» **Work to complete**: Give the number of lines below with "local" in them, leaving out anything else.

» **Records for the exercise**:
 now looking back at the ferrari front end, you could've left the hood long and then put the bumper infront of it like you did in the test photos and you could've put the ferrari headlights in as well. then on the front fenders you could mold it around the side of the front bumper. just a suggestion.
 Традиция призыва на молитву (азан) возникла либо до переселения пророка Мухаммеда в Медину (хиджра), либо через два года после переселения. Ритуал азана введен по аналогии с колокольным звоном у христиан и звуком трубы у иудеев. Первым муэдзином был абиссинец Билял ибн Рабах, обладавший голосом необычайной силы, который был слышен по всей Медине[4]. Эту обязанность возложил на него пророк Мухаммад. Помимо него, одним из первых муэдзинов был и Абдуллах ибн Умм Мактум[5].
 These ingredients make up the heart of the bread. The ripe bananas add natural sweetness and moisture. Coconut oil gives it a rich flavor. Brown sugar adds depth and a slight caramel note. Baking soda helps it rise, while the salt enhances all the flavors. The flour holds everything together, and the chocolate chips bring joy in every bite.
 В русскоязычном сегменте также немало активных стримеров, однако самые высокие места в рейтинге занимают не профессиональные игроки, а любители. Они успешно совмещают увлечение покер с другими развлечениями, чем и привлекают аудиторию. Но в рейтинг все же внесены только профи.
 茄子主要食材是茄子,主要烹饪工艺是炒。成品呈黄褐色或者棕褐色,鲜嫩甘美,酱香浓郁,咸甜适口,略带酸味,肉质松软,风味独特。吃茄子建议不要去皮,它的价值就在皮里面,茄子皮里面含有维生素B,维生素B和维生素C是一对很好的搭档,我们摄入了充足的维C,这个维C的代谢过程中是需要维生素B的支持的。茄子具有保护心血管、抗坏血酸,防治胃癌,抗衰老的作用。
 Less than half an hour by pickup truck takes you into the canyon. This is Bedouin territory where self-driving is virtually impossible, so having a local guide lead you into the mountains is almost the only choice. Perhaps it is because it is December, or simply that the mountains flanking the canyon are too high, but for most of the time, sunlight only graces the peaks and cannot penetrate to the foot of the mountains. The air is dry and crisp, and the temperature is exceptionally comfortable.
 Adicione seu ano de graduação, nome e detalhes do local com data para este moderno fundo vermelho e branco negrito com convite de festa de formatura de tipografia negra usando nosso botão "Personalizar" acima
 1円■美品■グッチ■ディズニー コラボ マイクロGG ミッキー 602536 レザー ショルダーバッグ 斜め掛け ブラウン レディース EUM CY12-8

» **Final answer**: 2